Your task => An exact reproduction of the records is required. Images must be left out.

Dataset records =>
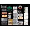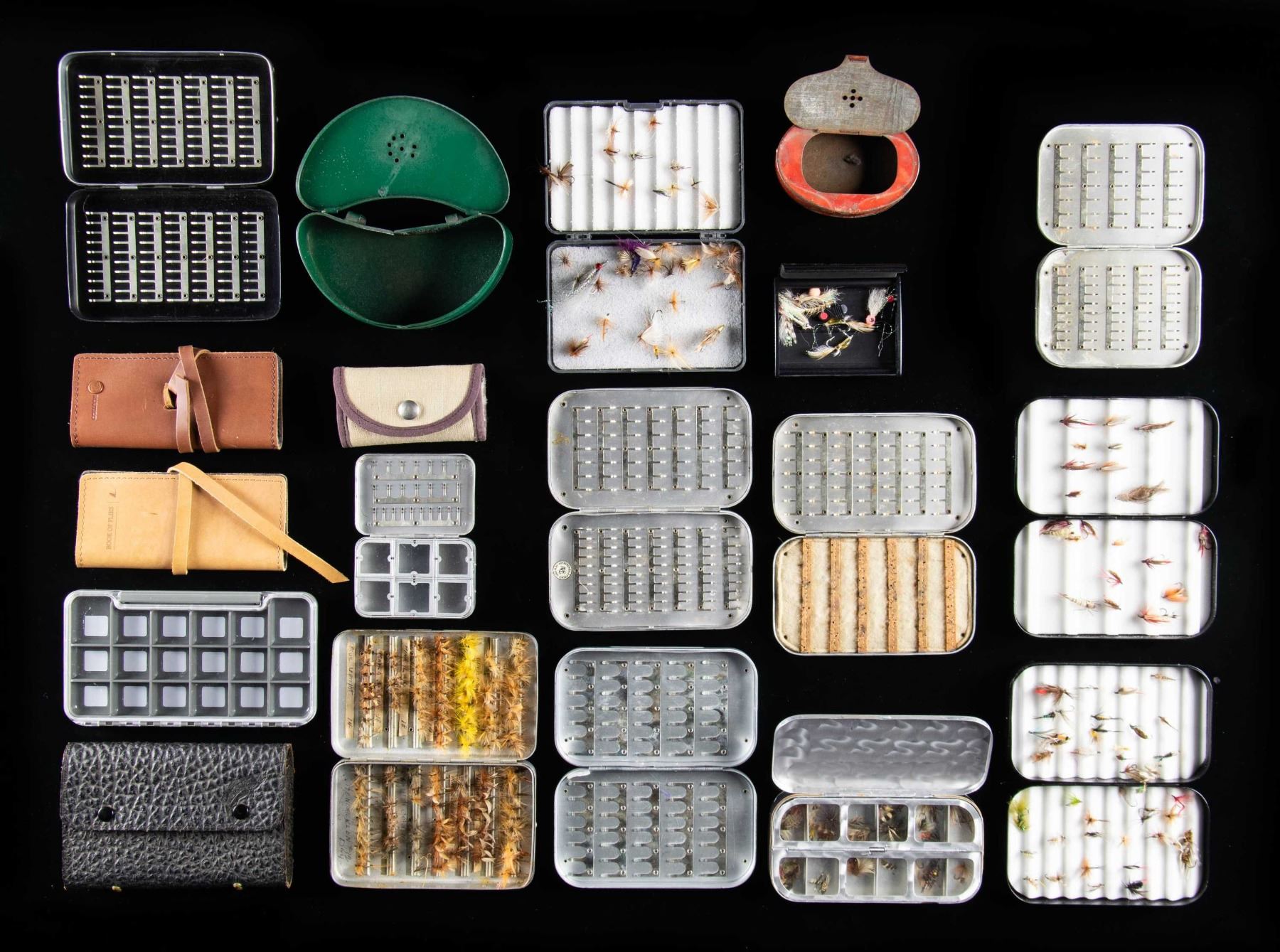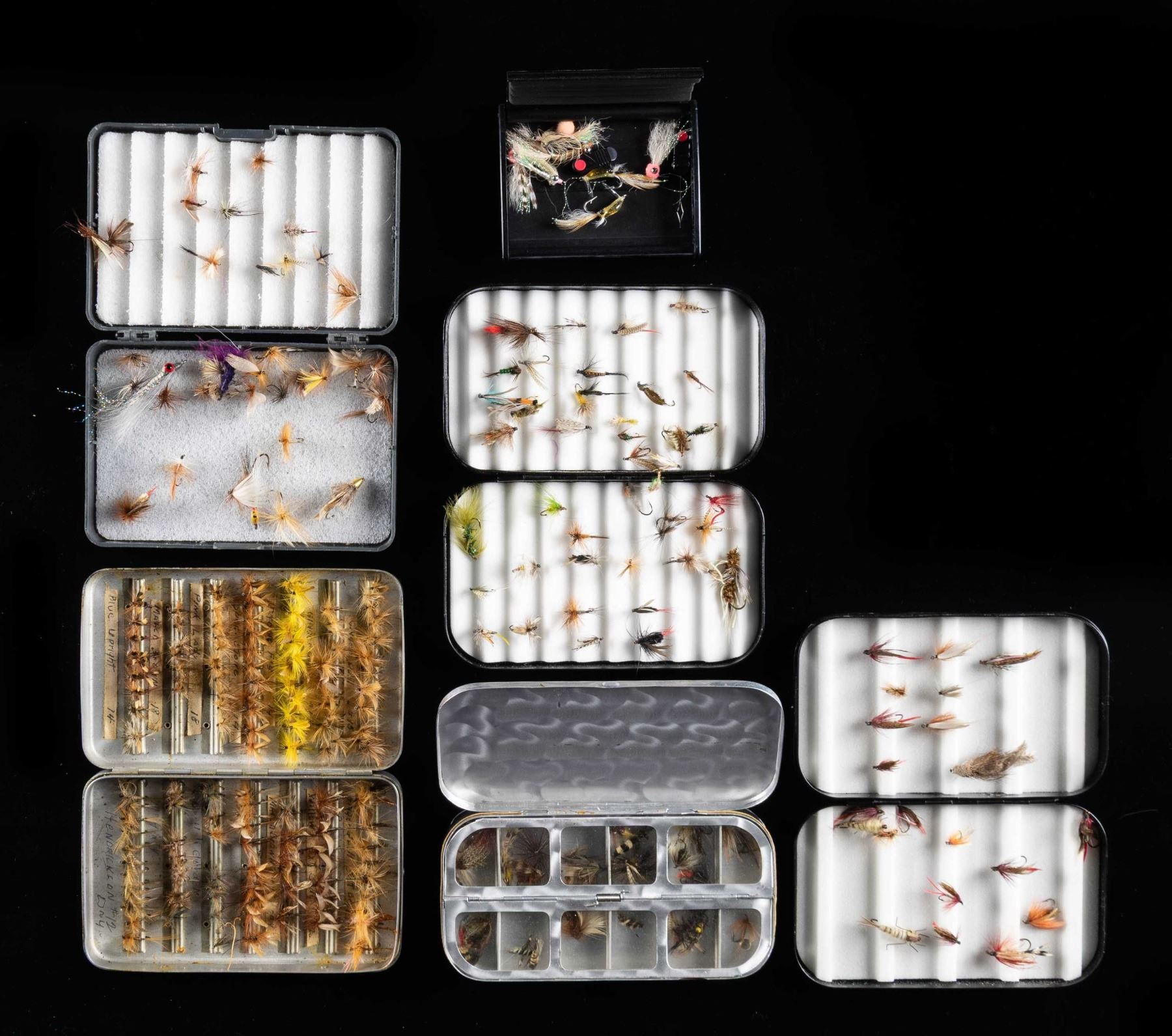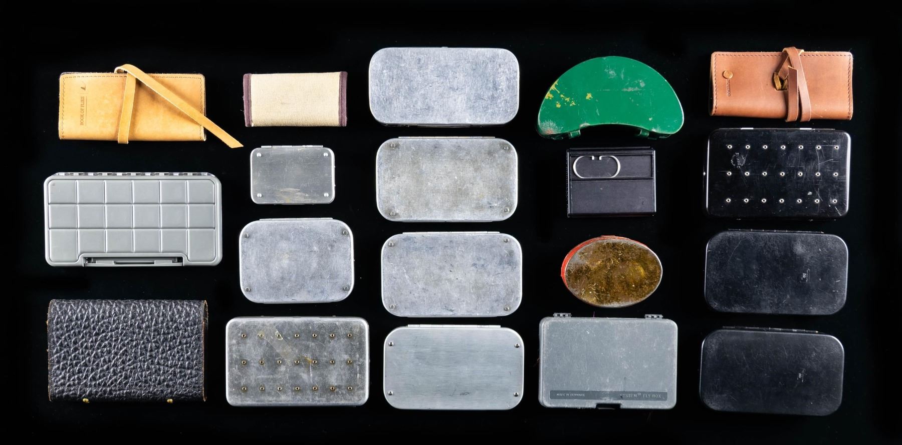 CANS. 1) 5 - Aluminum Wheatley boxes with spring clips: 3-6" 1- 5" 1-3-1/2" which has compartments as well. CONDITION: good to fine. 2) 2 - 6" Black anodized Wheatley boxes with foam interior each containing approx. 20+ flies. CONDITION: very fine. 3) 1 - 6" Unmarked Wheatley type aluminum box containing over 120 dry flies. CONDITION: good. 4) 1 - 6" Aluminum and leather covered box with 12 compartments containing over 20 flies. CONDITION: good. 5) 1 - 6" Black anodized box by Perrine with spring clips. CONDITION: very fine. 6) 1 - 4" "The Fly Trap" black anodized with 7 bone fish flies. CONDITION: very fine. 7) 1 - 7" Hard plastic box with compartments. CONDITION: very fine.8) 1- 6" "Scientific Anglers" plastic with over 20 flies. CONDITION: good. 9) 1- 6-1/2" "Common Sense" black leather fly wallet. CONDITION: fine. 10) 2- 6" Leather "Book of Flies". CONDITION: very fine. 11) 1- 4" Canvas fly wallet by Orvis. CONDITION: very fine. 12) 1- 6" green tin worm box. CONDITION: very fine. 13) 1- 4" early oval red tin worm box. CONDITION: good. PROVENANCE: From the Private Collection of Berrien Moore III. (02-25870-10/MGM). $500-1,000.
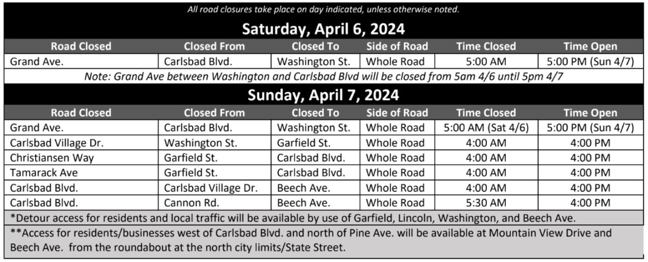 Important Note: Road closures will be in effect starting as early as 6:00 a.m. on Saturday, April 6th, and 4:30 a.m. on Sunday, April 7th. Roads will reopen on a rolling basis following the last race of the day, as determined by local law enforcement.
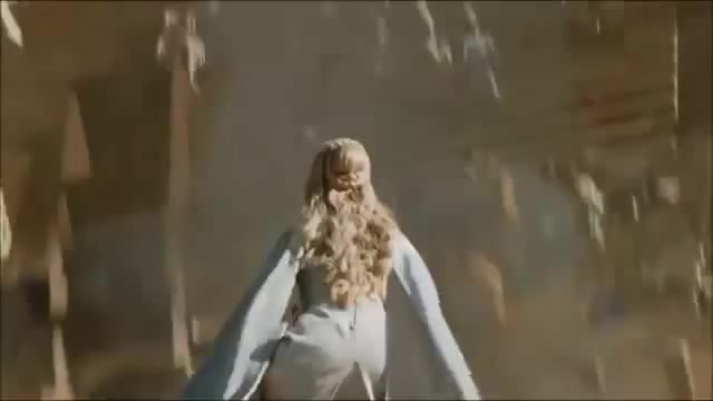 Daenerys Targaryen flying with her dragon, Drogon (S05E09)
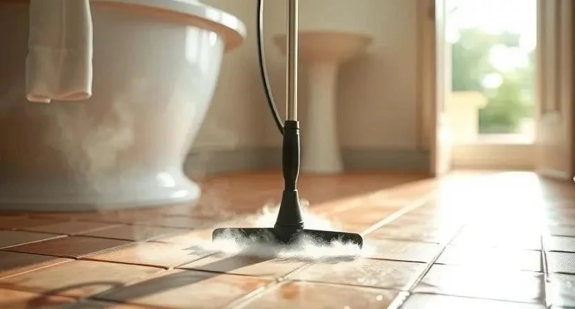 - Чтобы очистить швы между плитками, используйте щетку с жесткой щетиной и пар.
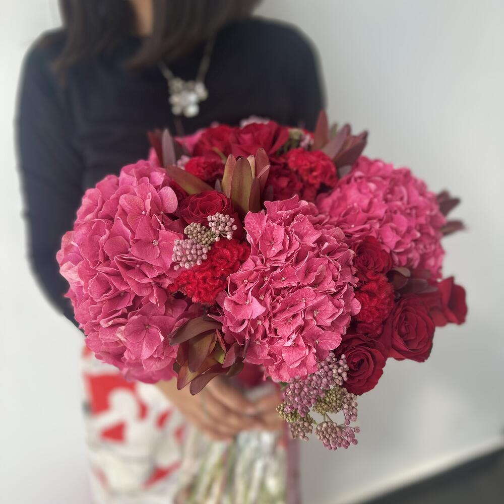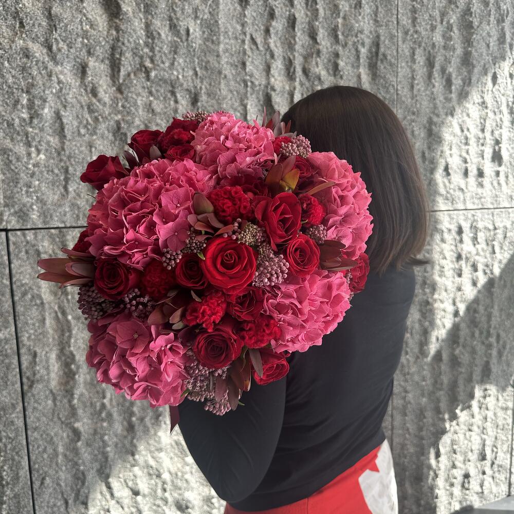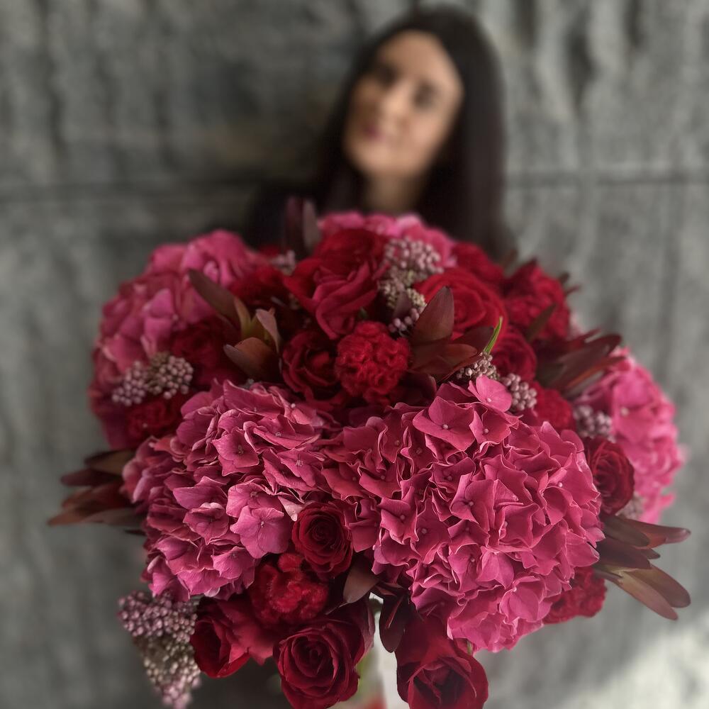 hydrangea - 5 pcs celosia - 10 pcs roses - 17 pcs sinderela - 9 pcs spray single - 8 pcs

Task result =>
 CANS. 1) 5 - Aluminum Wheatley boxes with spring clips: 3-6" 1- 5" 1-3-1/2" which has compartments as well. CONDITION: good to fine. 2) 2 - 6" Black anodized Wheatley boxes with foam interior each containing approx. 20+ flies. CONDITION: very fine. 3) 1 - 6" Unmarked Wheatley type aluminum box containing over 120 dry flies. CONDITION: good. 4) 1 - 6" Aluminum and leather covered box with 12 compartments containing over 20 flies. CONDITION: good. 5) 1 - 6" Black anodized box by Perrine with spring clips. CONDITION: very fine. 6) 1 - 4" "The Fly Trap" black anodized with 7 bone fish flies. CONDITION: very fine. 7) 1 - 7" Hard plastic box with compartments. CONDITION: very fine.8) 1- 6" "Scientific Anglers" plastic with over 20 flies. CONDITION: good. 9) 1- 6-1/2" "Common Sense" black leather fly wallet. CONDITION: fine. 10) 2- 6" Leather "Book of Flies". CONDITION: very fine. 11) 1- 4" Canvas fly wallet by Orvis. CONDITION: very fine. 12) 1- 6" green tin worm box. CONDITION: very fine. 13) 1- 4" early oval red tin worm box. CONDITION: good. PROVENANCE: From the Private Collection of Berrien Moore III. (02-25870-10/MGM). $500-1,000.
 Important Note: Road closures will be in effect starting as early as 6:00 a.m. on Saturday, April 6th, and 4:30 a.m. on Sunday, April 7th. Roads will reopen on a rolling basis following the last race of the day, as determined by local law enforcement.
 Daenerys Targaryen flying with her dragon, Drogon (S05E09)
 - Чтобы очистить швы между плитками, используйте щетку с жесткой щетиной и пар.
 hydrangea - 5 pcs celosia - 10 pcs roses - 17 pcs sinderela - 9 pcs spray single - 8 pcs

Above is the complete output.